■ What the task asks: Exactly as they appear below, repeat the lines from the one with "德迅云安全的堡垒机提供多云主" through the one with "Canadian Flag salmon". Drop every picture.
Extracted material START
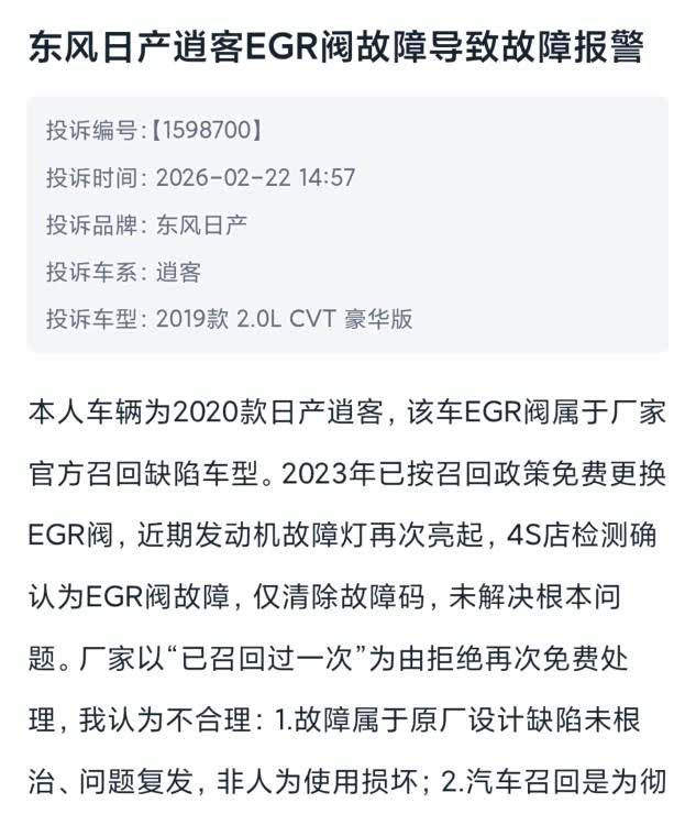 2026年2月,一位2020款逍客车主的投诉引起了关注。该车主于2023年按召回政策免费更换了EGR阀,然而近期发动机故障灯再次亮起,4S店检测确认——还是EGR阀故障。维修人员仅清除了故障码,未解决根本问题。当车主提出进一步维修要求时,厂家以“已召回过一次”为由,拒绝再次免费处理。
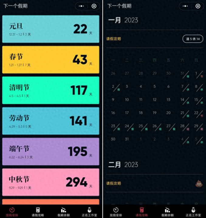 想知道下一个假期是什么时候?用它就可以看到最近的假期、假期有几天,还有请假攻略,让你的小长假变长假!
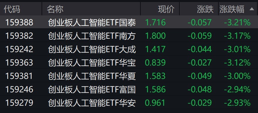 受盤面影響,創(chuàng)業(yè)板人工智能相關(guān)ETF跌約3%。
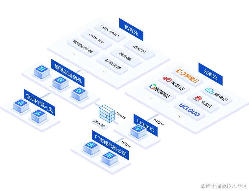 德迅云安全的堡垒机提供多云主机资产的运维审计功能,覆盖SSH、RDP、VNC、Telnet、FTP/SFTP等多种协议,同时支持通过浏览器Web页面和本地C/S客户端工具的方式访问主机,为您提供包含事前授权、事中监察、事后审计等完整的运维闭环。
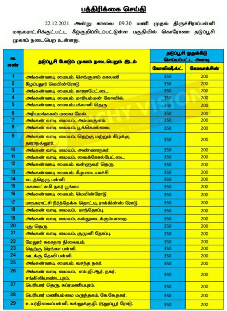 திருச்சி மாநகரில் நாளை (22.12.2021) கோவிசீல்டு, கோவாக்சின் தடுப்பு ஊசிகள் போடப்படும் இடங்களை மாநகராட்சி நிர்வாகம் அறிவித்துள்ளது.
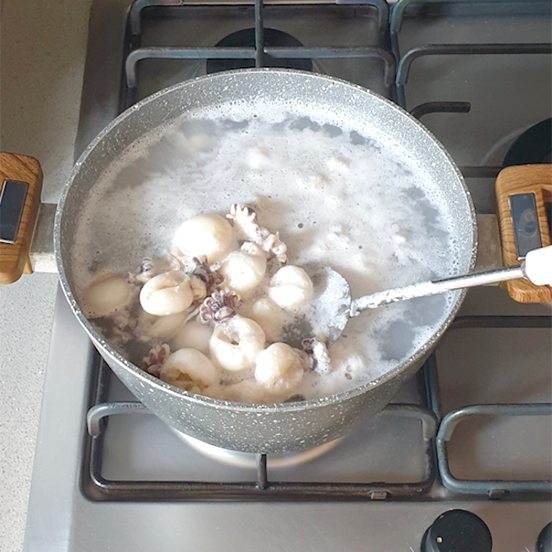 • 1 Dopo aver scongelato le seppie la sera prima, risciacquarle e tuffarle in acqua bollente salata per 4 o 5 minuti dal bollore, poi scolarle e farle intiepidire.
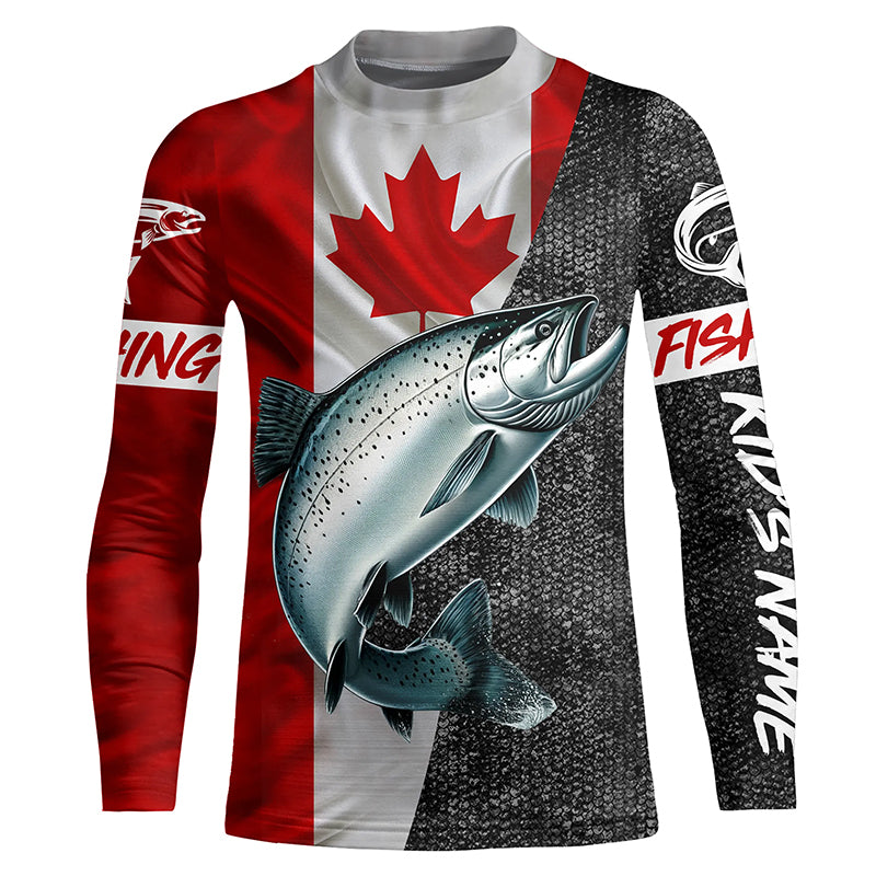 Canadian Flag salmon Fishing Custom long sleeve performance Fishing Shirts, salmon Fishing jerseys NQS5037
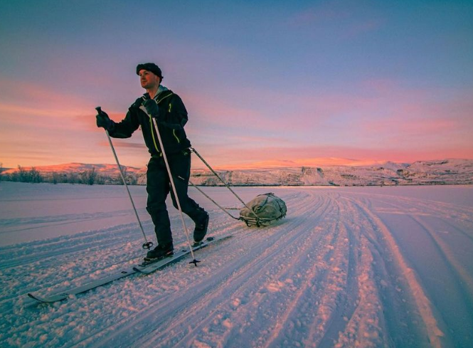 A person cross-country skiing on snowy terrain at sunset, pulling a sled behind them—much like an Antarctic Logistics and Expeditions journey. Snow-covered mountains and a colorful sky are visible in the background.
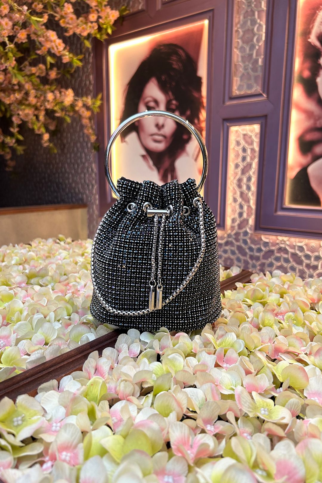 Τσάντα πουγγί σε μαύρο, ασημί, χρύσο και μπλέ χρωματα με ασημί αλύσιδα ώμου.
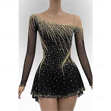 Robe de patinage artistique Femmes Patinage Robe Noir Patchwork Ourlet asymétrique Élastique Entraînement Compétition Tenue de Patinage Classique cristal pailleté manche longue Patinage sur glace
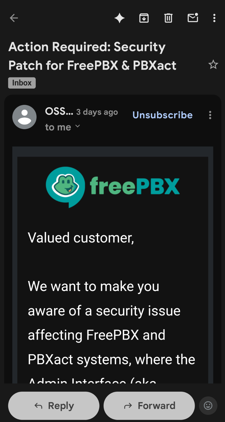 I agree here. I’ve been a sangoma partner for many years and got not specific notice of this either other than these topic threads. I happened to stumble on the topic because one of my systems was compromised.
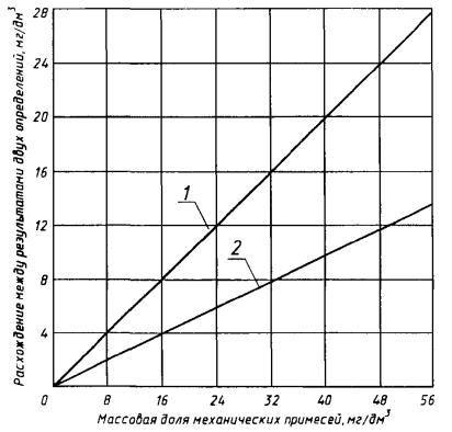 Расхождение между результатами двух последовательных определений, полученными одним лаборантом на одной и той же аппаратуре и пробе нефтепродукта в одинаковых условиях, признается достоверным (при доверительной вероятности 95 %), если оно не превышает 0,0002 %; для дизельных топлив - не превышает значение, указанное на черт. для большего результата.
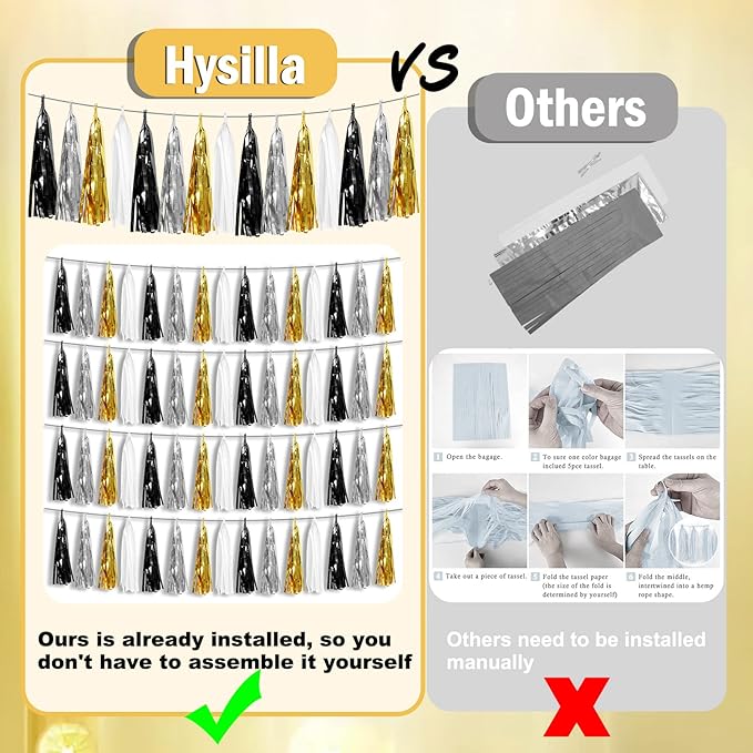 - 【Black Silver Gold White Party Supplies Set】: The total length of the Black Silver Gold White birthday tassels banner is 26.2 feet, divided into 4 strips, each 6.5 feet long. Each banner contains 15 tassels, and each tassel measures 14 inches, for birthday decorations many occasions, and so on
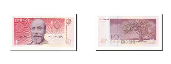 | | Banknote, Estonia, 10 Krooni, 1991, KM:72a, UNC(65-70) | | | 1991. Serial # prefix A., J. Hurt at left center., Tamme-lauri oak tree at Urvaste at right., Purple and red on multicolor underprint. | | FEATURES |
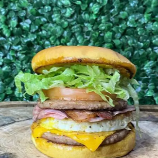 Pão, duas carnes, queijo, ovo, bacon e salada
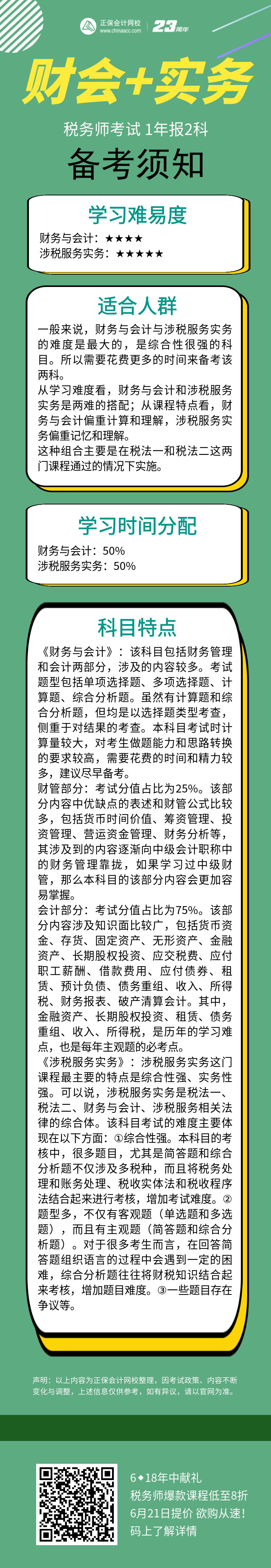 《财务与会计》和《涉税服务实务》算是税务师考试中难度较高的两科,但是如果你的时间充裕且基础还不错,建议把财会和实务放在首年考,这种搭配也适合刚刚考过或正在备战会计职称或注会的同学。
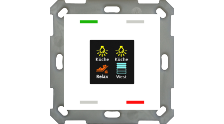 Выключатель KNX Smart 55 4-кнопочный с сенсорным экраном, термодатчик, короткое/долгое/очень долгое нажатие, функции переключение/диммиование./жалюзи/сцена/значение, LED индикация (RGBW), 4 блока лог. функций, в рамку 55x55 мм, белый глянцевый
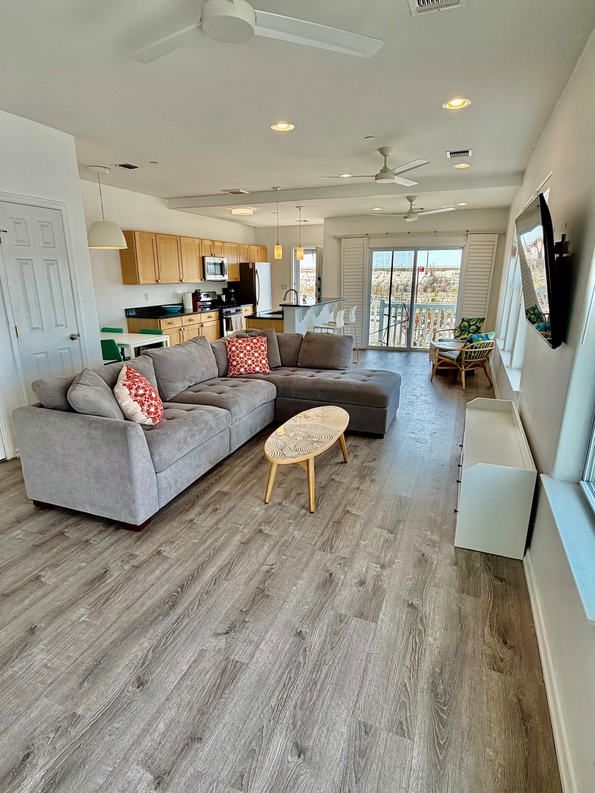 Steps to the beach! Park your cars and leave them behind while you live the beach life. Walk to the beach for a morning swim, come home for lunch then back to the beach for a nap. Head back for a cocktail, wave watching and sunset on your private upper deck. Walk down the street to a myriad of restaurant choices. Return home, open the windows and listen to the waves crash. Repeat as needed.
Extracted material END
■ Expected output:
 德迅云安全的堡垒机提供多云主机资产的运维审计功能,覆盖SSH、RDP、VNC、Telnet、FTP/SFTP等多种协议,同时支持通过浏览器Web页面和本地C/S客户端工具的方式访问主机,为您提供包含事前授权、事中监察、事后审计等完整的运维闭环。
 திருச்சி மாநகரில் நாளை (22.12.2021) கோவிசீல்டு, கோவாக்சின் தடுப்பு ஊசிகள் போடப்படும் இடங்களை மாநகராட்சி நிர்வாகம் அறிவித்துள்ளது.
 • 1 Dopo aver scongelato le seppie la sera prima, risciacquarle e tuffarle in acqua bollente salata per 4 o 5 minuti dal bollore, poi scolarle e farle intiepidire.
 Canadian Flag salmon Fishing Custom long sleeve performance Fishing Shirts, salmon Fishing jerseys NQS5037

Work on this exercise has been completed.